Once the instruction stream has been parsed, each sampler-image pairing is traced back through the load results to their original variables. From there, the variables are used to create a mapping from sampler binding locations to the image binding locations they are used with.

cpp

std::unordered_map<BindingLocation, std::vector<BindingLocation>> sampler_to_images;
for (const auto& [sampler_load, image_loads] : sampler_load_to_image_loads) {
    std::uint32_t sampler_variable = load_to_variable[sampler_load];
    const BindingLocation& sampler_location = variable_to_binding_location[sampler_variable];
    
    std::vector<BindingLocation>& image_locations = sampler_to_images[sampler_location];
    for (std::uint32_t image_load : image_loads) {
        std::uint32_t image_variable = load_to_variable[image_load];
        const BindingLocation& image_location = variable_to_binding_location[image_variable];
        
        image_locations.emplace_back(image_location);
    }
}

At frame compilation time, the render graph resolves which resources are bound to which descriptor slots. Samplers are instantiated lazily, using the sampler_to_images map to determine what format the border color should use. This is also a good opportunity to catch errors early: if the same sampler is used with images of incompatible formats, this can be surfaced here rather than manifesting as corrupted rendering later.

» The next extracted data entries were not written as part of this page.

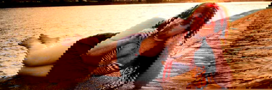 She's wearing her favorite bikini and posing for the camera with her long hair blowing in the wind. Her relaxed posture suggests she is enjoying her time near the water.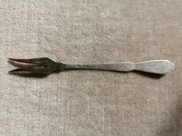 Šakutė sidabrinė, praba 84. Carinė Rusija. Svoris 70 g. Ilgis 21 cm. Kaina 198
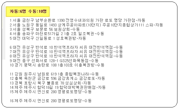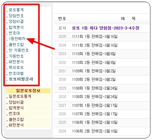 사이트에 접속하여 로또 게시판으로 들어가면 좌측에 여러 가지 소메뉴가 나타나는데요. 여기에서 1등 및 2등 판매점 전체모음 자료도 얻을 수 있습니다. 자동과 수동 중에 얼마나 선택했는지 그리고 어느 지점인지 주소와 함께 알 수 있어서 좋아요.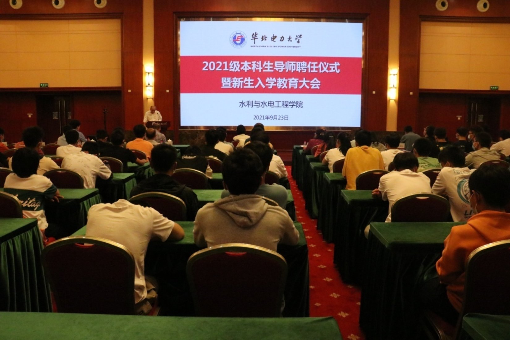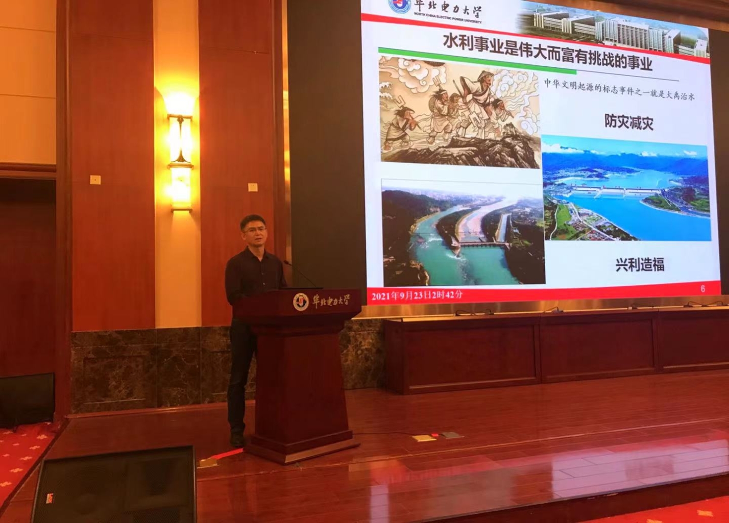 门宝辉教授代表本科生导师发言。他从“拟定目标”、“学会坚持”、“学会自律”和“提升综合能力”四个方面对2021级本科生提出殷切希望。门宝辉衷心祝愿同学们能在华北电力大学的新环境中,秉承“团结、勤奋、求实、创新”的华电精神,做有益于他人、有益于社会、有益于国家的新时代华电水利人。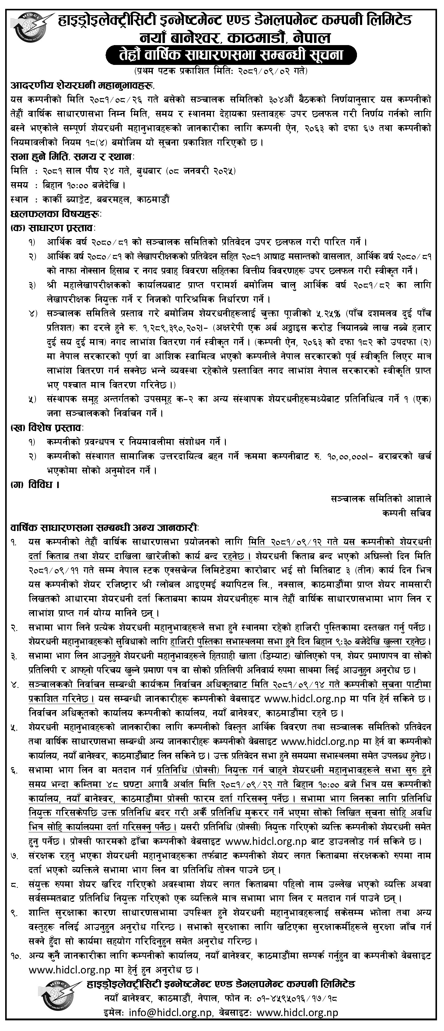 - तेह्रौँ वार्षिक साधारण सभा सम्बन्धी सूचना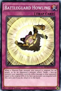 Description: When a Warrior-Type monster you control is targeted for an attack, or by an opponent''s monster effect: Target 1 face-up monster your opponent controls; inflict damage to your opponent equal to the original ATK of the face-up monster you targeted with this card, and if you do, return it to the hand.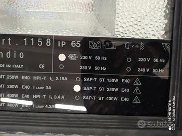 Vendo n.4 proiettori da esterno marca Disano mod. INDIO art. 1158 con lampada al sodio a 230Vac, 2 da 250W e 2 da 150W, usati ma perfettamente funzionanti, causa scarso utilizzo.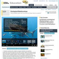 1 of 6 Activity DEVELOP For Informal Educators 50 Minutes Grades 9-12| Ages 14-18 Ecological Relationships How do species interact with one another and shape marine ecosystems? ... Fetch Doc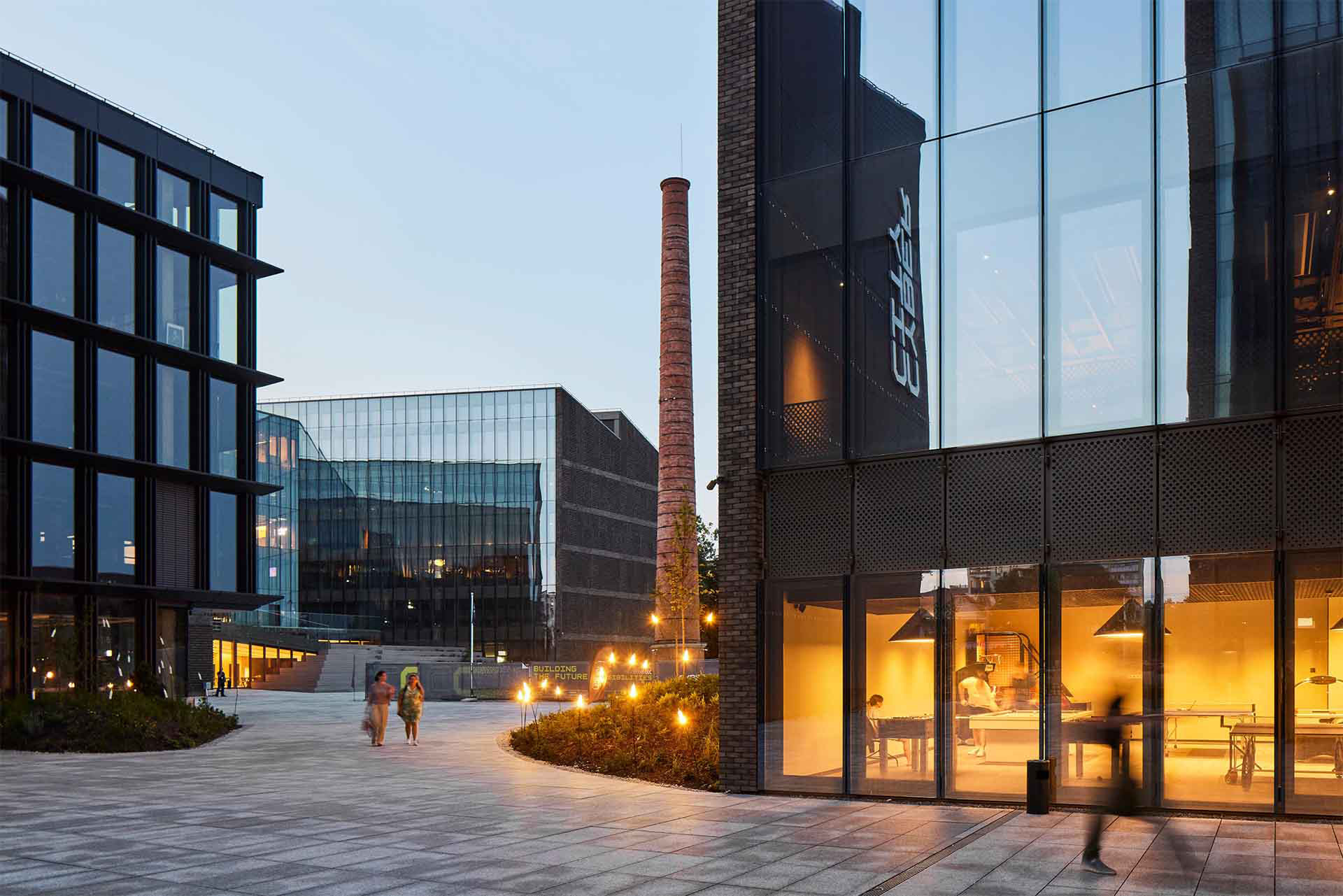 The building complex comprises office, co-working and commercial spaces, as well as innovative recreational spaces designed for the technology community. There is a sense of care for the well-being of employees in all spaces of the complex.

This also means that the sampler format can be determined internally, without exposing it as a user-facing parameter. In a graphics API-agnostic renderer (or one that doesn’t use Vulkan), requiring such a parameter wouldn’t make much sense anyway.

This makes configuring samplers from the user’s perspective much nicer:

cpp

struct SamplerDescription {
    FilterMode min_filter = FilterMode::Linear;
    FilterMode mag_filter = FilterMode::Linear;
    MipMode mip_mode = MipMode::Linear;
    AddressMode address_mode_u = AddressMode::Repeat;
    AddressMode address_mode_v = AddressMode::Repeat;
    AddressMode address_mode_w = AddressMode::Repeat;
    
    ClearValue border_color = Color(0.0f, 0.0f, 0.0f);
    // No format!
    float min_lod = 0.0f;
    float max_lod = std::numeric_limits<float>::max();
    
    std::uint32_t max_anisotropy_sample_count = 0;
    std::optional<CompareOp> depth_compare_op;  // For depth samplers
};

The correct VkBorderColor variant and VkClearColorValue member are derived automatically from the image format during sampler initialization, with VK_EXT_custom_border_color used unconditionally to sidestep the predefined constant pitfalls for depth/stencil images described earlier.

The best part? Any renderer that already compiles shader modules to SPIR-V basically gets this for free.